On 15-12-29 05:22 PM, Stephen Smalley wrote:
I don't understand why the filesystem relabelto operation is required (I
suspect it may be related to our fs_use entry for ecryptfs). Even when the
mount-point context matches the context of the vfat filesystem, you still
need a relabelto operation (i.e. the operation still seems to be required
even when we are relabeling from X to X).

Permission is always checked on a context= mount, regardless of
whether the context actually differs.

Do you happen to know why selinux chooses to ignore the security label in that operation? Was it done just to simplify the implementation? Performance does not seem to be valid concern here.

If we change the neverallow rule to something like this:

   neverallow domain {fs_type -contextmount_type -sdcard_type}:filesystem
relabelto;

Then everything works great.  Unfortunately, we cannot do that without
violating CDD :-(

Correct, and making this change in AOSP would violate the intent of
the neverallow in the first place as it would then be possible to
remount /system as a sdcard type and then write to it.

I understand the intent of the aosp change (to prevent remounts under /system that change security context), but the effect of the sepolicy change is too broad. Can't you block context-remounts under /system without blocking them everywhere else, too?

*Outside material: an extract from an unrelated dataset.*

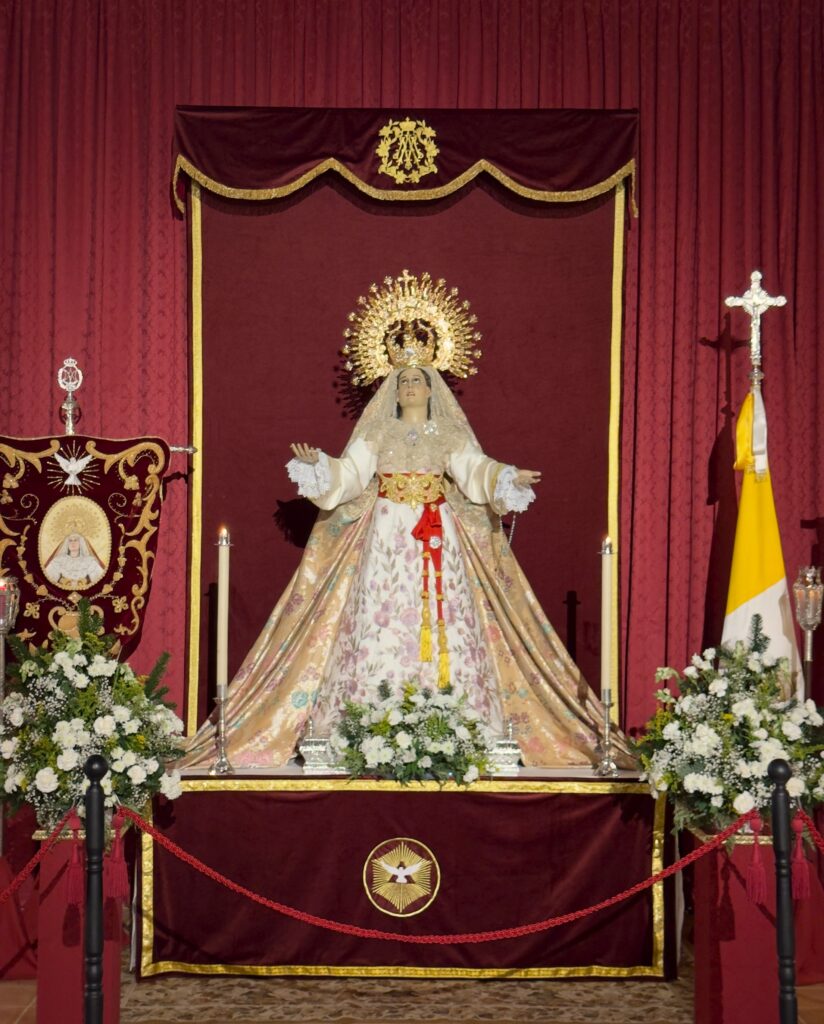 Su lugar habitual de culto está en un pequeño altar en el lado de la Epístola de la iglesia parroquial del Espíritu Santo ante un dosel en terciopelo granate con el monograma de «Ave María» bordado en oro, confeccionado por el Taller de Bordados de la Franciscana Hermandad y Cofradía del Santísimo Cristo de la Vera Cruz y María Santísima de Nazaret de Mérida (Badajoz) en 2001.

I think the only real options here are either to try to get a
waiver/exception to the CDD for this one case, or don't use ecryptfs
over vfat.  In Android 6.0, with adoptable storage, wouldn't the
sdcard be formatted with ext4 and thus your existing fs_use entry
would work fine?

We need to support Lollipop. Further, some Marshmallow devices allow access to external storage in a "portable" mode.